I’m probably one of the most privileged/lucky people around.
I have never subjected to physical abuse. Nor have I ever struggled from depression/anxiety/anorexia etc. My parents have always been there for me, loving, respectful of my choices and supportive. I’ve grown up in a middle class home in a beautiful part of the country and I have never gone without. My family is secure and I’m close to my sisters and extended family. Nathan is one of the sweetest, loving, caring person I have ever had the pleasure to meet, and not once has he ever shown me disrespect. I thank the Earth every day that I stumbled across him.

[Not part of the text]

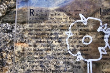 Steigt man immer weiter den Berg hinauf, so kommt man zur Ruine der Sebastianskirche. Der Ort, an dem diese Kirche gebaut wurde strahlt eine wunderbare Ruhe aus. Rund um diese Kirche befand sich eine prähistorische Siedlung mit Ringwall und eisenzeitlichen Wohngruben.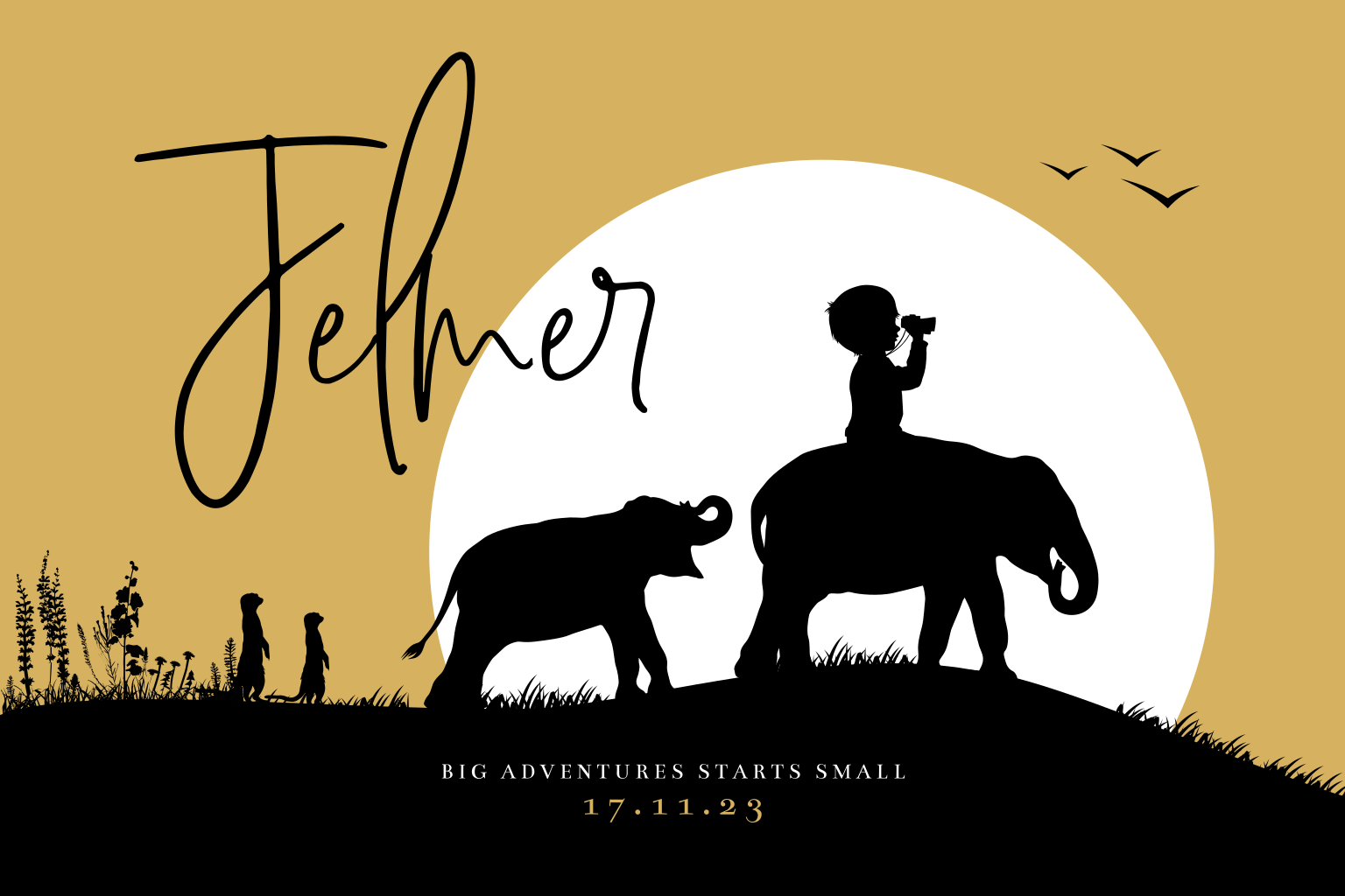 Avontuurlijk silhouet geboortekaartje voor een jongen in safari stijl. Op dit hippe kaartje Jelmer staat een jongetje rijdend op een olifant met in zijn hand een verrekijker. De kleuren en teksten evenals de silhouetten zijn aan te passen.

My ex emotionally abused me for nearly a year, it crushed my self esteem. It made me paranoid and he basically made me detest myself. I somehow I got it into my head that I was to try my hardest to please him and that my suffering. the tears and anguish were all because it was my fault. I literally blamed myself for every little fight we had, and I desperately tried to make it up to him no matter what. When we had a discussion about our sexual past and I told him I’d had a few intimate partners (only one being sex) he told me that he was disgusted in me, that I revolted him and that he couldn’t even be in the same room as me. Even though he told me he’d had sex with 22 people (which later turned out to be a lie?!) and he made me leave. I cried for ages and I begged for HIS forgiveness. Call me weak if you want, but I genuinely thought it was my fault, that I was disgusting. I didn’t think he’d done anything wrong.
I could go on for ages about all the shitty things that ever happened, all the shit he put me through; lying that he cheated on me, then going on to accuse me of cheating. But it would take too fucking long. I was just getting into feminism them and I don’t know why I didn’t see the signs until it was too late. I try not to look back but I feel better talking about it, I never told anyone the things he put me through because I wanted to protect him, I didn’t want my friends/family not to like him.
I’m so thankful that I have the friends that I do, they helped me get back on my feet, helped me realise what was happening and basically saved me from drowning. I’m a much stronger person now.
I still find it weird when Nathan doesn’t shout at me or call me names or belittle me, or judge me on my past etc. It actually bemused me at first when he did nice things because I was so ingrained in the thought that my past relationship was how it was supposed to be. I’ve learnt better now.
I’ve never been more happy than what I am with Nathan. He’s helped me more than he knows, and I don’t think he understands how much I appreciate what a lovely person he is.